◆ **TASK TO CARRY OUT**: Output every entry exactly, without any pictures.

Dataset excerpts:

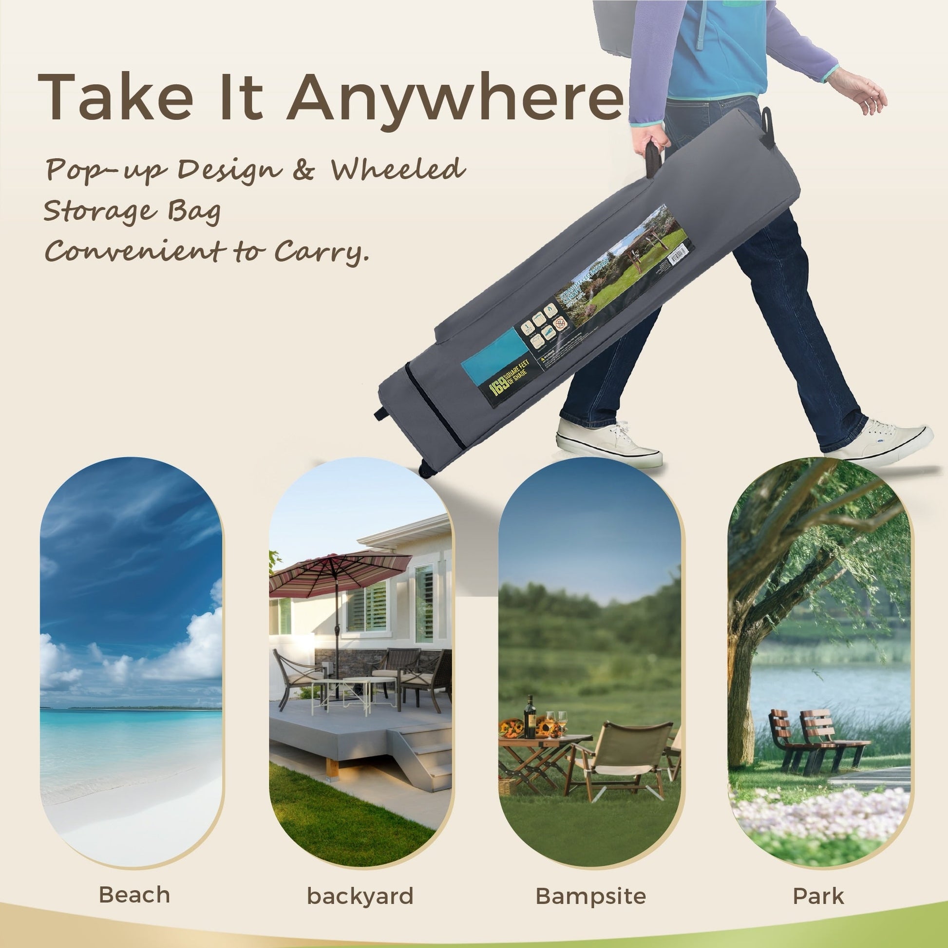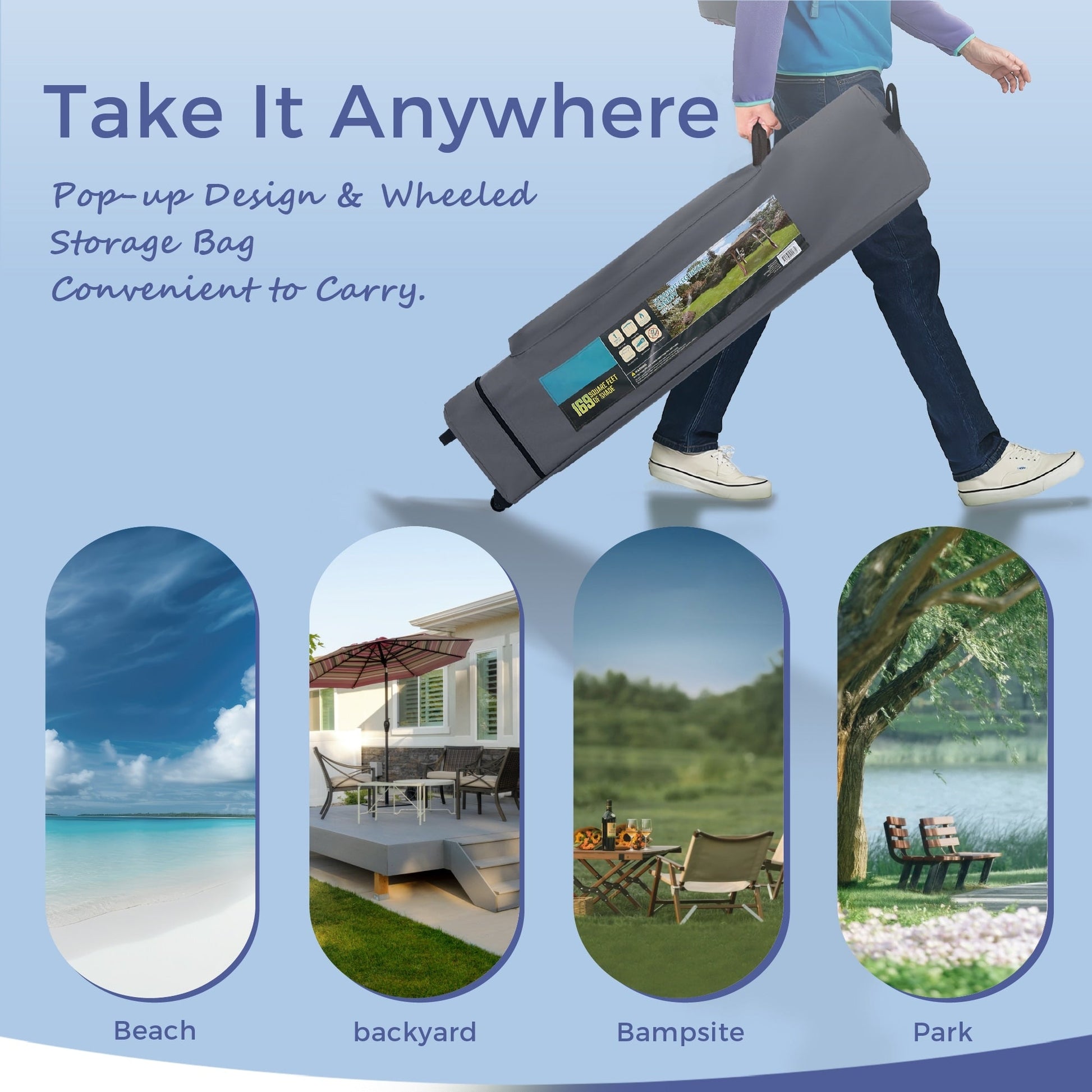 【Accessoire】 : Sac à roulettes inclus pour faciliter le transport et le rangement. N'oubliez pas de stabiliser la toile à l'aide des haubans et des piquets fournis.
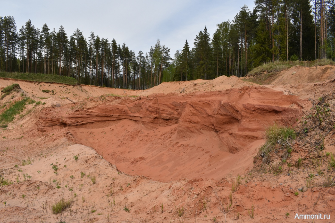Обнажение красных песчаников (арукюлаская свита среднего девона?) в карьере рядом с д. Хотнежа Волосовского района Ленинградской области.
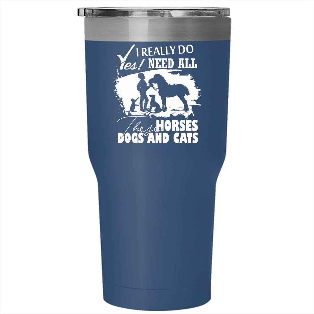 Need All These Horses Dogs And Cats Tumbler 30 oz Stainless Steel, Cute Cattle Travel Mug
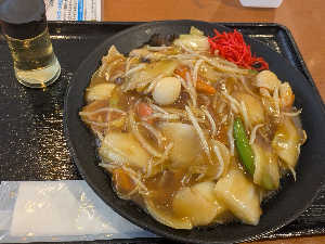 冷たい牛乳もあんかけ焼きそばも 安定の美味しさでした😊
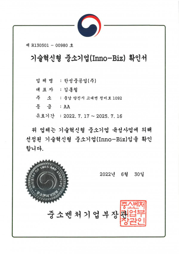 기술혁신형 중소기업 확인서
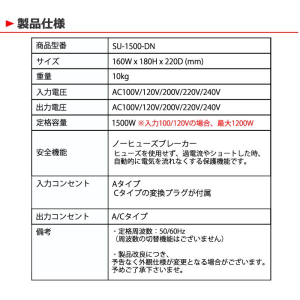 SU-1500-DN 海外 日本国内用 1500W 変圧器 | 正規代理店 入出力 100V 120V 200V 220V 240V
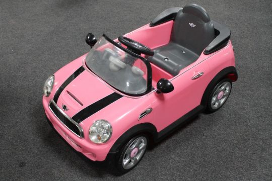 A child's electric Mini Convertible ride in car, with charging leads

◆ **ANSWER TO THIS TASK**:
 【Accessoire】 : Sac à roulettes inclus pour faciliter le transport et le rangement. N'oubliez pas de stabiliser la toile à l'aide des haubans et des piquets fournis.
Обнажение красных песчаников (арукюлаская свита среднего девона?) в карьере рядом с д. Хотнежа Волосовского района Ленинградской области.
 Need All These Horses Dogs And Cats Tumbler 30 oz Stainless Steel, Cute Cattle Travel Mug
 冷たい牛乳もあんかけ焼きそばも 安定の美味しさでした😊
 기술혁신형 중소기업 확인서
 SU-1500-DN 海外 日本国内用 1500W 変圧器 | 正規代理店 入出力 100V 120V 200V 220V 240V
 A child's electric Mini Convertible ride in car, with charging leads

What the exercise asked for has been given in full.